Leaving out the pictures, retype the lines from the beginning of the listing through the line containing "8月10日,杭州虹园社区居民扛来水管,浇灌社区绿化带。".

#### GIVEN INFORMATION
::::
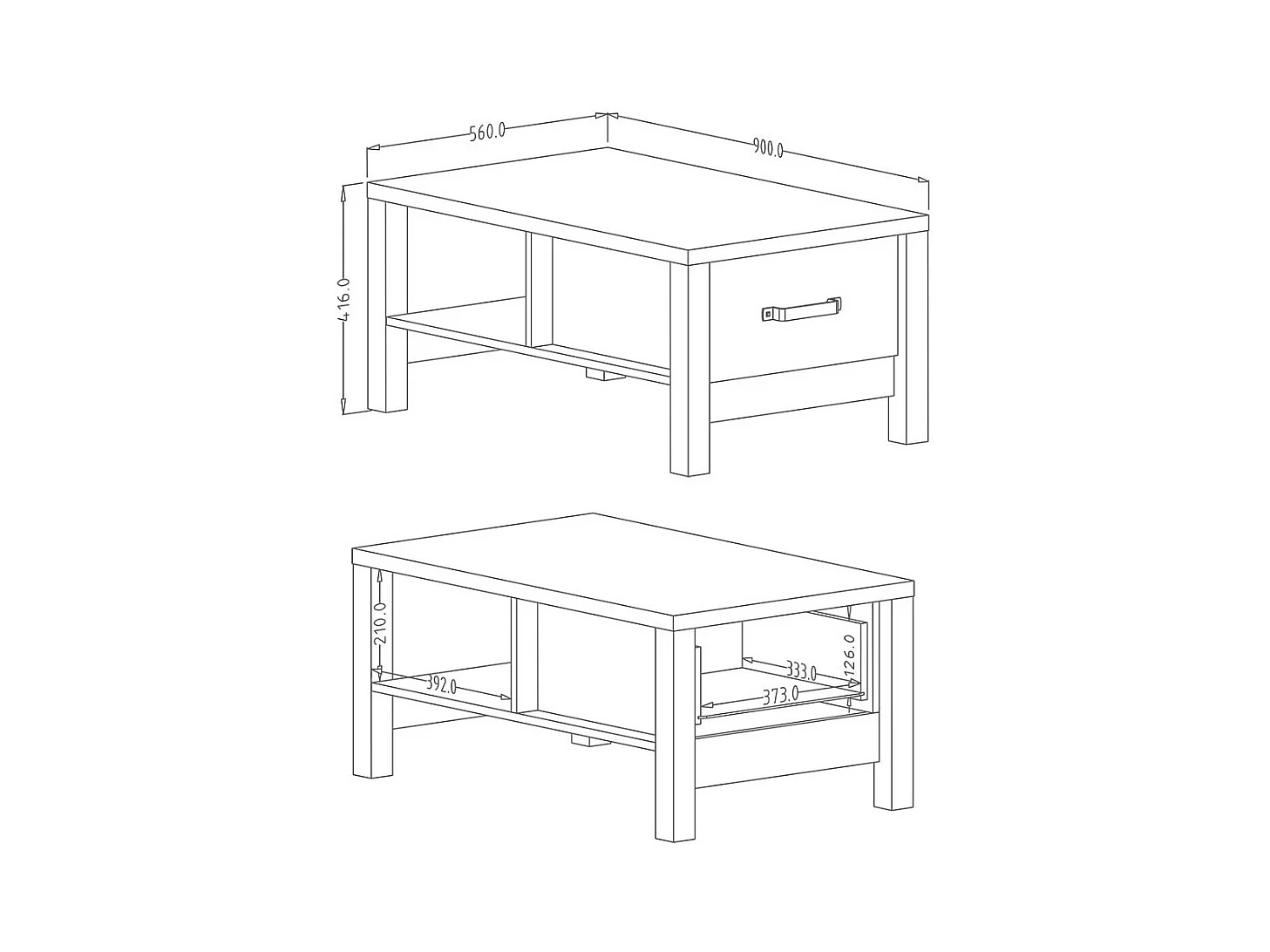 Design-Couchtisch DARWIN - Fichte und Schwarz
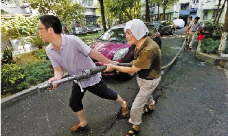 8月10日,杭州虹园社区居民扛来水管,浇灌社区绿化带。
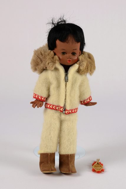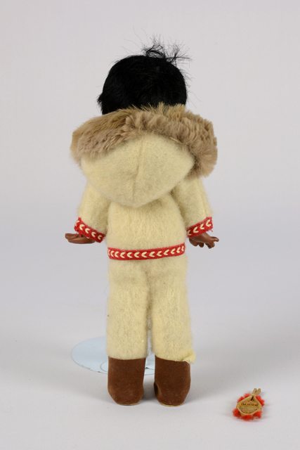 Poupée à la peau foncée vêtue d’un costume de style inuit en tissu laineux écru composé d’un pantalon, d’un manteau à capuchon bordé de broderies rouges au bas et aux poignets. Le capuchon est bordé de fourrure brune. Le manteau s’ouvre à l’avant avec une fermeture à glissière. Les bottes sont en cuirette brune. Ses cheveux sont noirs et courts. La raquette miniature est en bois avec des décorations en fibre rouge.
::::
#### RESULT OF THIS TASK
 Design-Couchtisch DARWIN - Fichte und Schwarz
 8月10日,杭州虹园社区居民扛来水管,浇灌社区绿化带。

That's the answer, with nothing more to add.